Looking at the way that U.S. Senators Elizabeth Warren and John McCain are pitching their proposal for a 21st-century version of the Glass-Steagall Act, I can’t help but wonder if they’re making a mistake.
Mostly they have promoted their new bill in terms of protecting taxpayers and the broader economy from a too-big-to-fail bank that might need another bailout. A lot of voters don’t get the connection between the problem and the solution being proposed, and it’s debatable if there is one. Here’s a better argument: The reason it’s a good idea to separate securities firms from commercial banks is to protect consumers from brokers selling schlock investments.
If the senators are going to persuade Congress to bring back Glass-Steagall, they should show examples of real, sympathetic people. This brings me to the story of Philip L. Ramatlhware, an immigrant from Botswana who went to a Citigroup Inc. (C) branch in downtown Philadelphia one day five years ago to open a regular bank account.
He was 48 years old at the time and disabled, after being hurt in an accident as a passenger on a Greyhound bus. His English wasn’t good, he had no college education and his last job had been at a fast-food kiosk at the Philadelphia airport. In April 2008, he received $225,000 in a settlement for his injuries, part of which went to pay legal fees. He was holding the settlement check when he walked into the branch.

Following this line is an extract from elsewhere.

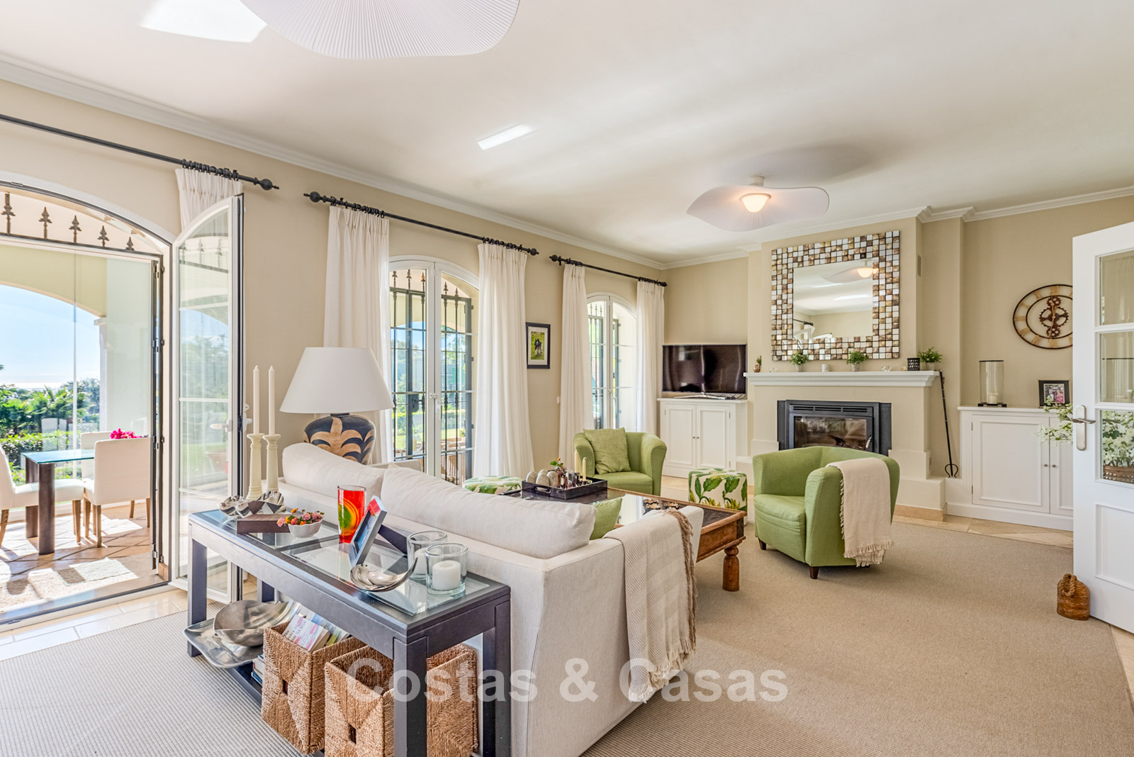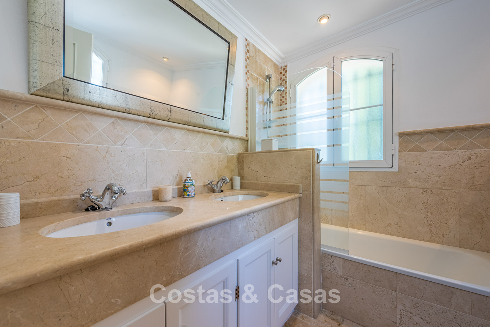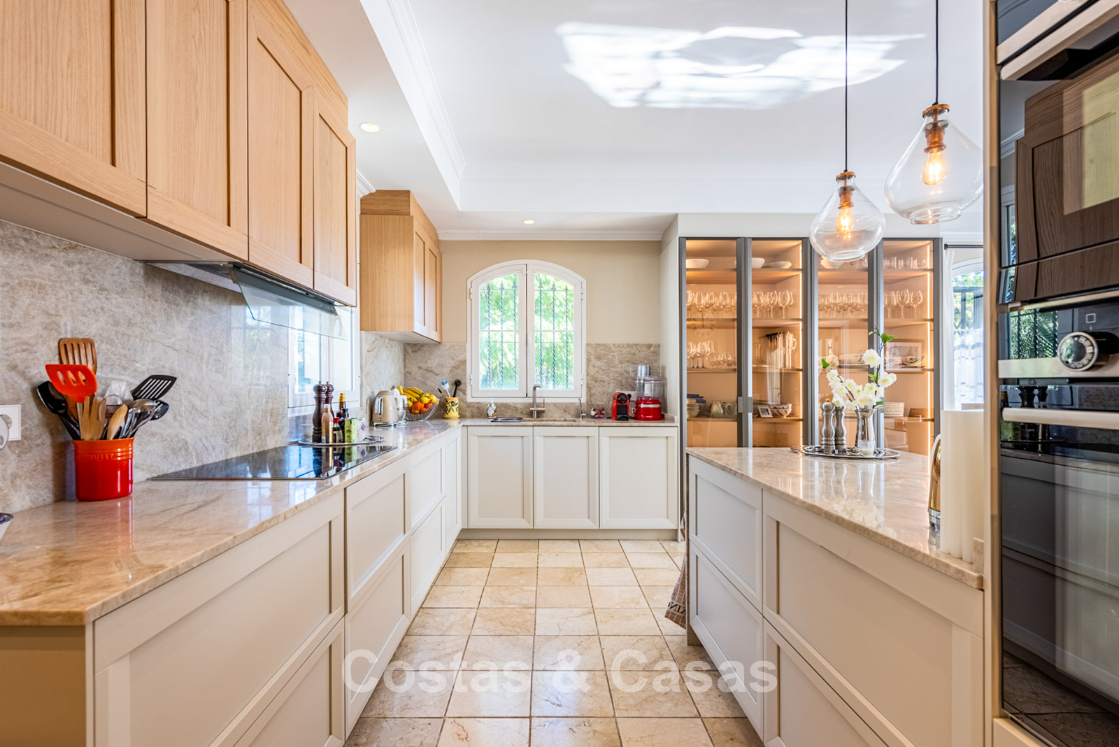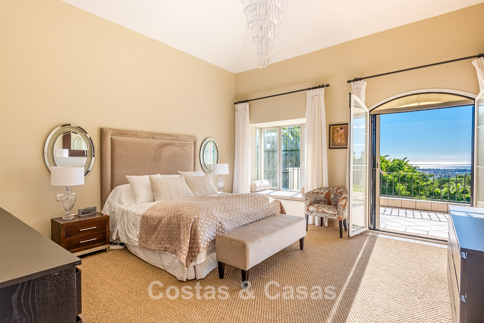 Villa independiente con encantadora arquitectura mediterránea. Recientemente renovada con materiales tradicionales de alta calidad. Un ambiente acogedor y elegante. Un recibidor de doble altura con una escalera que da a la planta superior le da la bienvenida. Un luminoso salón cuenta con una sala de TV, realzada por una encantadora chimenea, y da a una terraza cubierta. Junto a él se encuentra una moderna cocina, totalmente equipada con electrodomésticos y barra americana. Comedor integrado. Los altos ventanales con un elegante arco en la parte superior dejan entrar abundante luz natural y facilitan el acceso al exterior. 5 dormitorios y 5 baños. La suite principal se encuentra en el centro de la planta superior y disfruta de una terraza privada con impresionantes vistas a la vegetación y al mar. En la planta inferior, hay un dormitorio que puede convertirse en alojamiento para invitados o personal, con acceso directo a la zona exterior. Un espacio multifuncional que puede equiparse con una sala de cine o de juegos. Suelos de mármol travertino. Lavandería. Trastero. Garaje integrado para 2 coches.

Immediately he was referred to a broker for a “financial consultation,” according to an arbitration claim he filed against Citigroup. The broker assured him the money would be invested in “guaranteed” funds and that he could have access to them whenever the need arose, the complaint said. Ramatlhware gave him $150,000 to invest. The broker put $5,000 into a bank certificate of deposit, bought a $133,000 variable annuity and invested the rest in a series of mutual funds.
Less than six months later, Ramatlhware had lost $40,000, according to the complaint. Citigroup settled the case in 2010 for $22,500, without admitting liability, according to a report on the case by the Financial Industry Regulatory Authority.
There are countless tales like this of banks cross-selling unsuitable investments to unsophisticated customers. For whatever reason, lots of people trust the advice they get from someone working in the lobby of their local retail bank branch, even if they normally would never set foot in a brokerage firm.
Here’s another example from Finra’s files, involving a Michigan couple, Alberto Ferrero and Qingwen Li, who filed a claim in 2010 against CCO Investment Services, a unit of Royal Bank of Scotland Group Plc. (RBS) They sought $60,000, plus attorneys’ fees and other damages. They were awarded almost $72,000.
Their story began one day in April 2007 when they walked into their local bank, Charter One, also owned by RBS. Here’s how the arbitrator explained the November 2012 ruling in their favor:
“Claimants are recent immigrants to the United States, and they had very limited investment experience,” wrote James Graven, an attorney from Toledo, Ohio, who was the arbitration panel’s chairman. “Claimants went to their bank to roll over their CD. The bank directed them to a registered representative. Claimants’ primary objective was capital preservation.
“The broker recommended a solicited trade placing one third of claimants’ net worth in one speculative fund. The broker made material misrepresentations and omissions concerning risk. Claimants lost approximately 50% of their investment in 18 months. The broker invested claimants’ whole account into one high risk junk municipal bond fund.”
The banking industry has a long history of preying on unsuspecting depositors by selling them garbage securities without regard to suitability. This was a big reason Glass-Steagall was originally enacted during the Great Depression. It has been a recurring problem ever since key portions of the act were repealed during President Bill Clinton’s administration.
There were $61 billion in settlements between large banks and the Securities and Exchange Commission over sales of auction-rate securities, the market for which crashed in 2008. At Wachovia Corp., for example, the SEC said bank employees helped recruit retail depositors for the investments. (Wachovia was bought by Wells Fargo & Co. (WFC) in 2008.)
Most recently, according to a July 8 article by American Banker, the Office of the Comptroller of the Currency warned JPMorgan Chase & Co. (JPM) early last year that the bank had wrongfully steered clients into in-house investment products. As a result of its findings, the OCC required the company to refund fees to an unknown number of customers. Unfortunately, we don’t know many more details because the examination findings are confidential (which should make this ripe for a congressional inquiry). American Banker said its source was a person with direct knowledge of the findings.
Now back to Senators Warren, a Democrat from Massachusetts, and McCain, the Arizona Republican. What they should do is canvass the country for the most gut-wrenching stories they can find about ordinary depositors who have been ripped off by their banks’ broker-dealer arms. Then invite them to testify before Congress and tell the country what happened, in their own words. The Senate Permanent Subcommittee on Investigations, where McCain is the ranking Republican, would be an ideal forum.
The best way to keep the sharks from preying on the customers in the bank lobby is to not let them in there in the first place. If this also helps make systemically dangerous banks smaller, that’s all for the better.